MOTS-c represents a paradigm shift in peptide biology: it is the first mitochondrial-encoded peptide demonstrated to have systemic hormonal effects, functioning as a "mitokine" — a mitochondrial signal that regulates nuclear gene expression and whole-body metabolism. It acts primarily through AMPK activation in skeletal muscle, enhancing glucose uptake and fatty acid oxidation in a manner that mimics the metabolic effects of exercise.
Mechanism of Action
AMPK Activation: MOTS-c activates AMP-activated protein kinase (AMPK) via phosphorylation at Thr172. AMPK is the master metabolic sensor that triggers catabolic pathways (glucose uptake, fatty acid oxidation) while inhibiting anabolic pathways (lipogenesis, gluconeogenesis). This mimics the metabolic effects of exercise at the molecular level.
Nuclear Translocation: Under metabolic stress, MOTS-c translocates from mitochondria to the nucleus where it interacts with AMPK-responsive transcription factors, directly regulating gene expression. This mitochondria-to-nucleus signaling (retrograde signaling) is unique among known peptides.
Folate-Methionine Cycle: MOTS-c inhibits the folate cycle and de novo purine biosynthesis, redirecting cellular metabolism toward AMPK-dependent glucose utilization. This metabolic reprogramming underlies its insulin-sensitizing effects.
Research & Clinical Studies
MOTS-c and Obesity/Insulin Resistance Research
In the landmark 2015 Cell Metabolism study, Lee et al. demonstrated that MOTS-c treatment in diet-induced obese mice:
- Prevented high-fat diet-induced obesity and insulin resistance
- Reduced body weight gain by ~40% compared to controls
- Improved glucose tolerance and insulin sensitivity
- Enhanced skeletal muscle glucose uptake via GLUT4 translocation
- Reduced hepatic lipid accumulation
Importantly, circulating MOTS-c levels decline with age and correlate inversely with insulin resistance, suggesting it may be a biomarker and therapeutic target for metabolic aging.
[1] Lee C et al.
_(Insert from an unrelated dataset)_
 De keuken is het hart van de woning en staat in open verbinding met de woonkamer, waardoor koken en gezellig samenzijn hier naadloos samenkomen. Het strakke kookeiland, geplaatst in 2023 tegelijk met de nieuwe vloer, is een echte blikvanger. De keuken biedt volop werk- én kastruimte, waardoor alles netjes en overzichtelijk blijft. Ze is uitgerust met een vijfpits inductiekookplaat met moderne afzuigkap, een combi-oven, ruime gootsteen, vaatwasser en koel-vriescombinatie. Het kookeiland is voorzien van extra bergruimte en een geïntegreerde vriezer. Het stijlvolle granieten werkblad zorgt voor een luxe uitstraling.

The mitochondrial-derived peptide MOTS-c promotes metabolic homeostasis and reduces obesity and insulin resistance. Cell Metab. 2015;21(3):443-454. PubMed ↗
MOTS-c as Exercise Mimetic
MOTS-c has been termed an "exercise mimetic" because it activates the same AMPK-PGC1α pathway engaged by physical exercise. Research shows:
- MOTS-c treatment improves physical performance in aged mice
- Enhances skeletal muscle mitochondrial biogenesis
- Increases beta-oxidation capacity
- The peptide is released into circulation during exercise, suggesting it mediates some exercise benefits
WADA added MOTS-c to its prohibited list in 2023, recognizing its performance-enhancing potential.
MOTS-c and Aging Research
MOTS-c levels decline significantly with age in humans, correlating with insulin resistance and metabolic dysfunction. A 2019 study found circulating MOTS-c was 2.5-fold lower in elderly subjects (ages 70-81) compared to young adults (20-35). Importantly, physical exercise increases MOTS-c secretion from skeletal muscle, suggesting it mediates some of the metabolic benefits of exercise.
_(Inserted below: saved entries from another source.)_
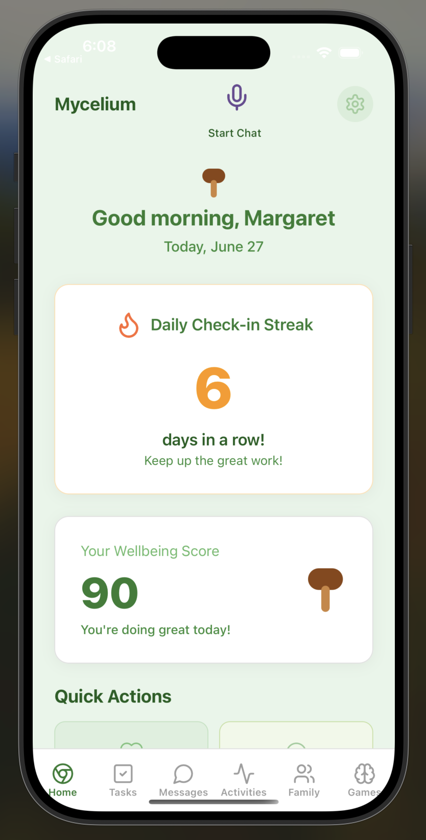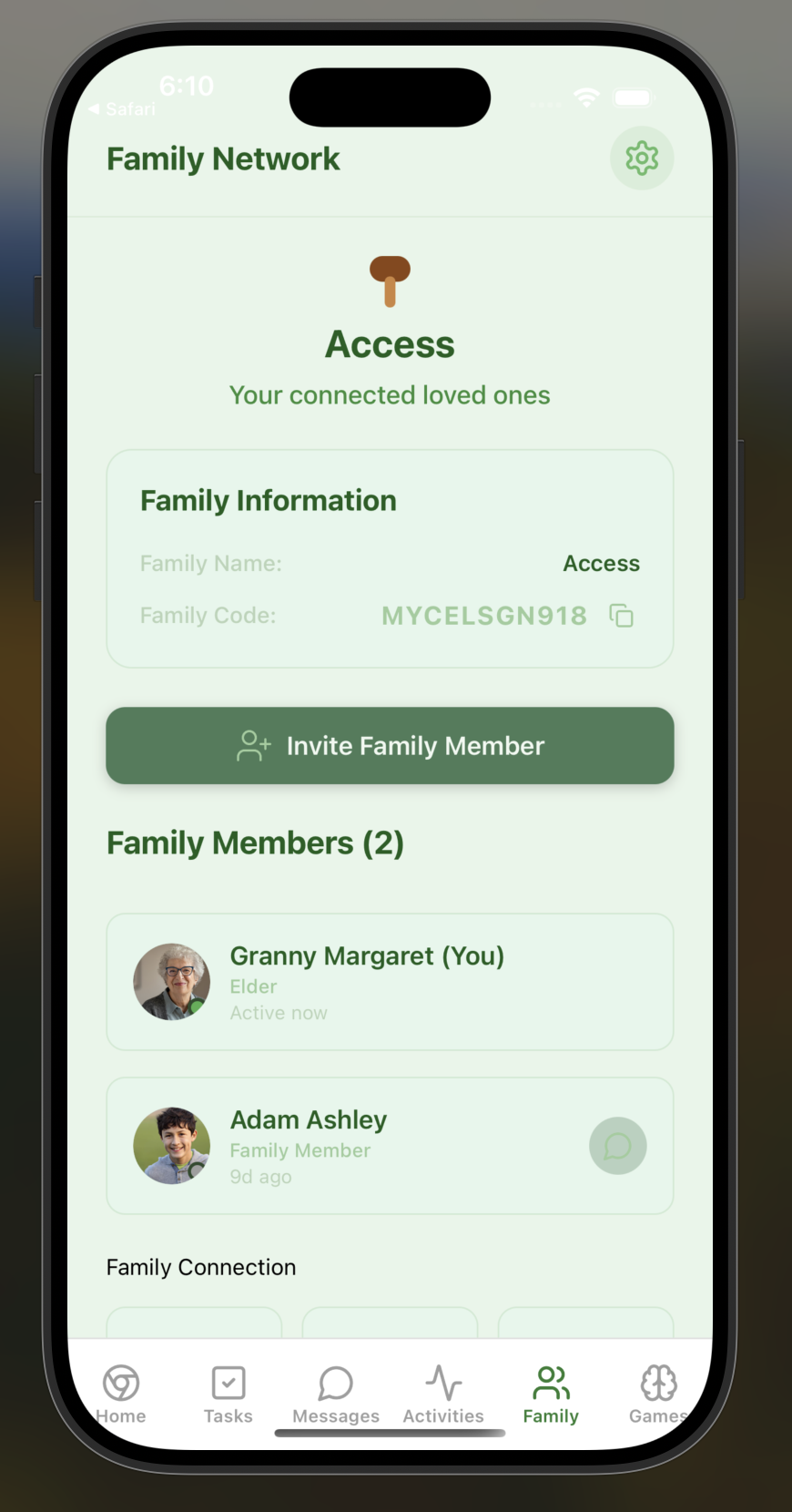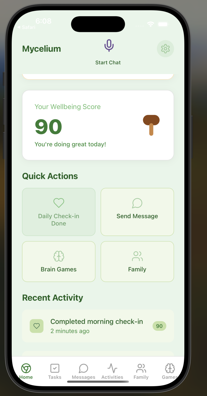 Mycelium helps families care for their elderly loved ones by providing daily check-in questions, gentle reminders with photos or videos, and wellness tracking. There are two roles in the app: elderly and family member users. Elderly users can easily check in (and show that they are safe), view their tasks, and play brain games, while family members can monitor their well-being through analytics dashboards, set up custom reminders and check-ins, and communicate directly through the app.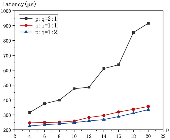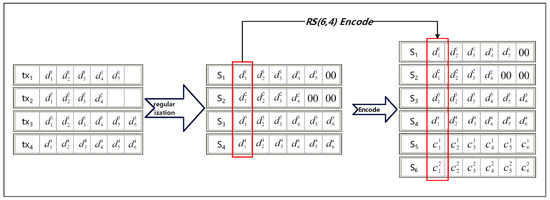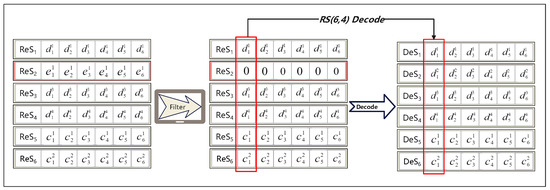 - Decoding segments. Based on the received m segments and constructed segments with L zero bytes, matrix is constructed and the first group of p segments can be decoded according to Equation (3). Decoding matrix can be obtained by decoding , which is called a decoded result, and each row of can be considered as a decoded segment.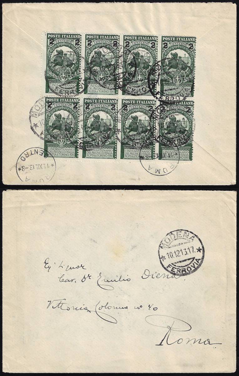 1913 - 2 cent. su 5 cent. Unità d'Italia (99), blocco di otto esemplari, perfetto, al verso di busta da Modena 10/12/1913 a Roma.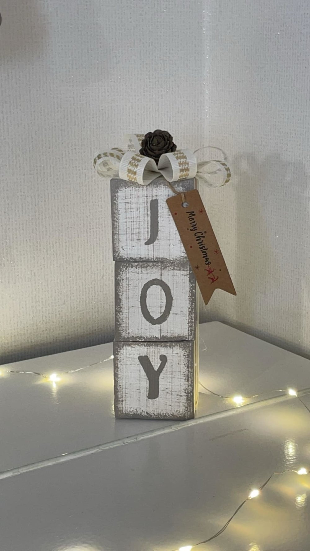 Je vous propose cette création composée de 3 cubes en bois patinés en taupe et blanc.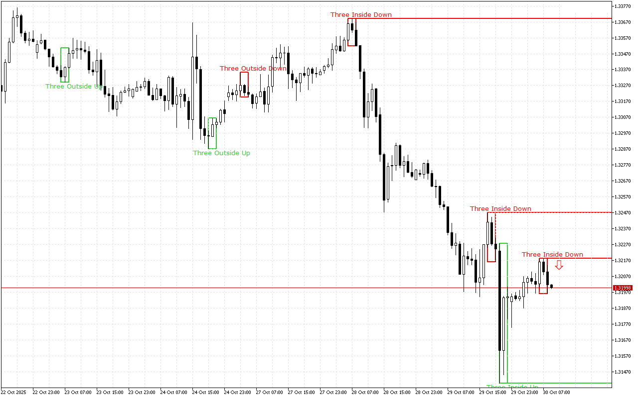 Ce niveau a été formé par le schéma Trois à l’intérieur en haut. Il s’agit de trois bougies japonaises : la 1ère bougie a un corps réel blanc court, la 2ème bougie a un corps réel blanc et se trouve complètement à l’intérieur du corps de la 1ère bougie, et la 3ème bougie est également blanche et se termine au-dessus du corps de la 2ème bougie.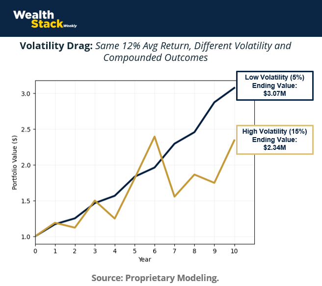 Remember the two-portfolio comparison from earlier?. Same average returns, different volatility. The portfolio with lower variance ended up with +$700k more after a decade on a $1M starting position.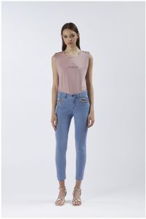 jeans denim skinny con applicazione catena gioiello sky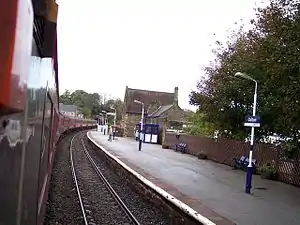 The station is operated by Northern. It is unstaffed, with a card only ticket machine on the southbound side - passengers have to obtain a promise to pay notice to pay by cash on board the train.[5] Digital signs and timetable posters are provided on each platform for train running information purposes. The station buildings are no longer in rail use, though shelters are located on each side. Access to the platforms is either via steps from the over bridge at the south end or via paths from adjacent public roads (the latter are step-free).[6]

In aged mice (24 months), MOTS-c treatment restored physical function to levels comparable to 3-month-old mice, improved glucose tolerance, and reduced body fat percentage. These anti-aging effects were dependent on AMPK activation — AMPK-knockout mice did not respond to MOTS-c.
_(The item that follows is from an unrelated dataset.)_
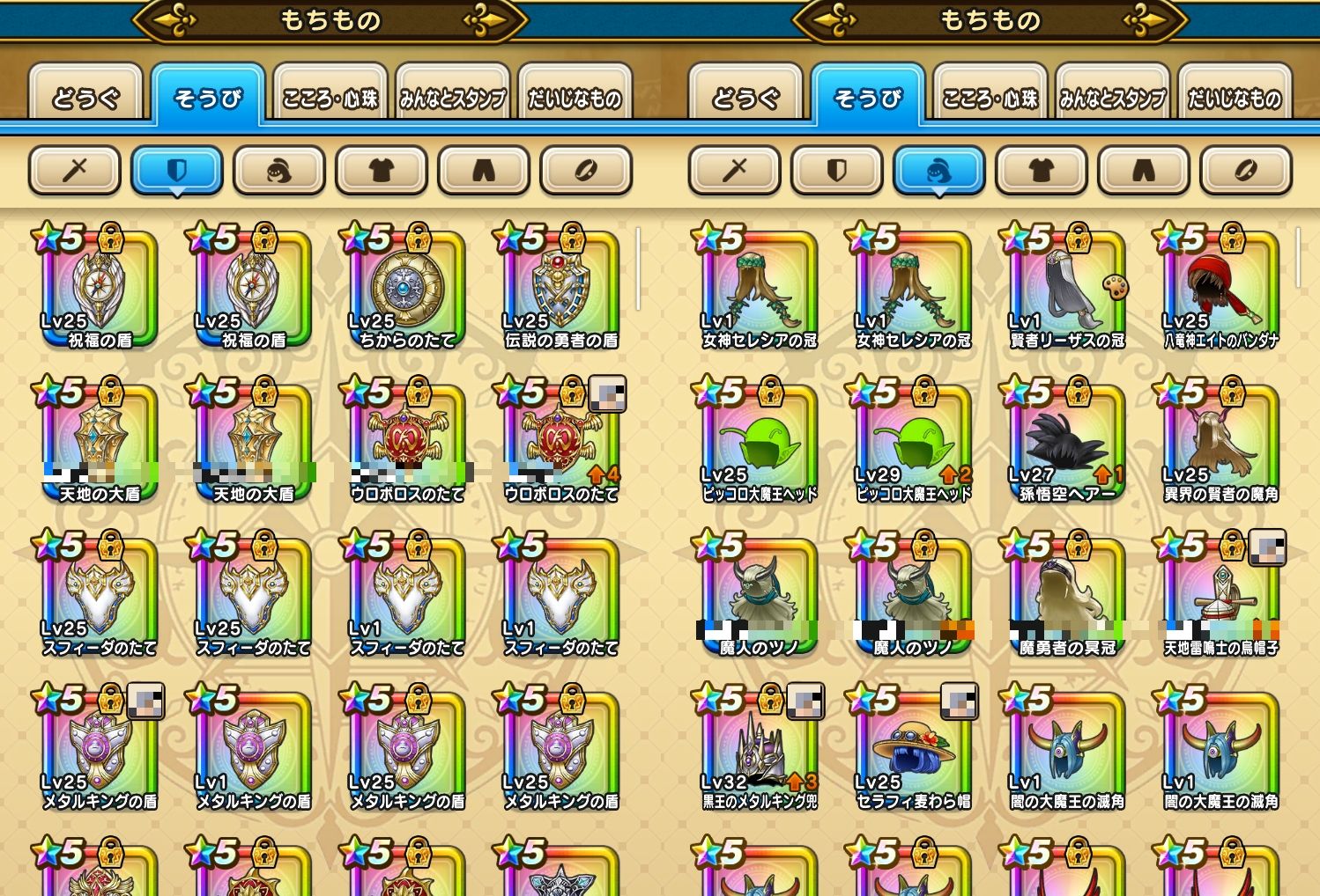 アカウント特定防止といった観点から、主な武具・こころを抜粋して記載させていただいております。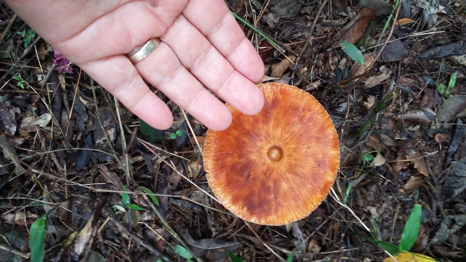 Iniciamos a trilha na mata riquíssima em embaúba, cipós, samambaias-açú, araucárias e muitas florzinhas e fungos muito coloridos

[1] Reynolds JC et al. MOTS-c is an exercise-induced mitochondrial-encoded regulator of age-dependent physical decline and muscle homeostasis. Nat Commun. 2021;12(1):470. PubMed ↗
MOTS-c and Cardiovascular Research
Emerging research shows MOTS-c has cardiovascular protective effects beyond metabolic regulation. Studies demonstrate: reduced cardiac hypertrophy in pressure-overload models, protection against ischemia-reperfusion injury through AMPK-mediated autophagy, decreased inflammatory cytokine production (TNF-α, IL-6) in cardiac tissue, and improved endothelial function via eNOS upregulation. These cardioprotective effects parallel those seen with exercise training, further supporting the "exercise mimetic" classification.
[1] Li Q et al. MOTS-c and Exercise Restore Cardiac Function by Activating of NRG1-ErbB Signaling in Diabetic Rats. Front Endocrinol. 2022;13:812032. PubMed ↗
MOTS-c Genetic Variants and Population Studies
The m.1382A>C Polymorphism: Because MOTS-c is encoded within the mitochondrial 12S rRNA (MT-RNR1) gene, single-nucleotide substitutions in this region can alter the translated peptide sequence. The m.1382A>C variant produces a lysine-to-glutamine substitution at position 14 of MOTS-c (K14Q). This polymorphism is rare to absent in African and European mitochondrial haplogroups but reaches population frequencies of approximately 7-30% across various East Asian populations, including Japanese, Korean, and Northeast Chinese cohorts, reflecting the haplogroup-specific evolutionary history of mitochondrial DNA.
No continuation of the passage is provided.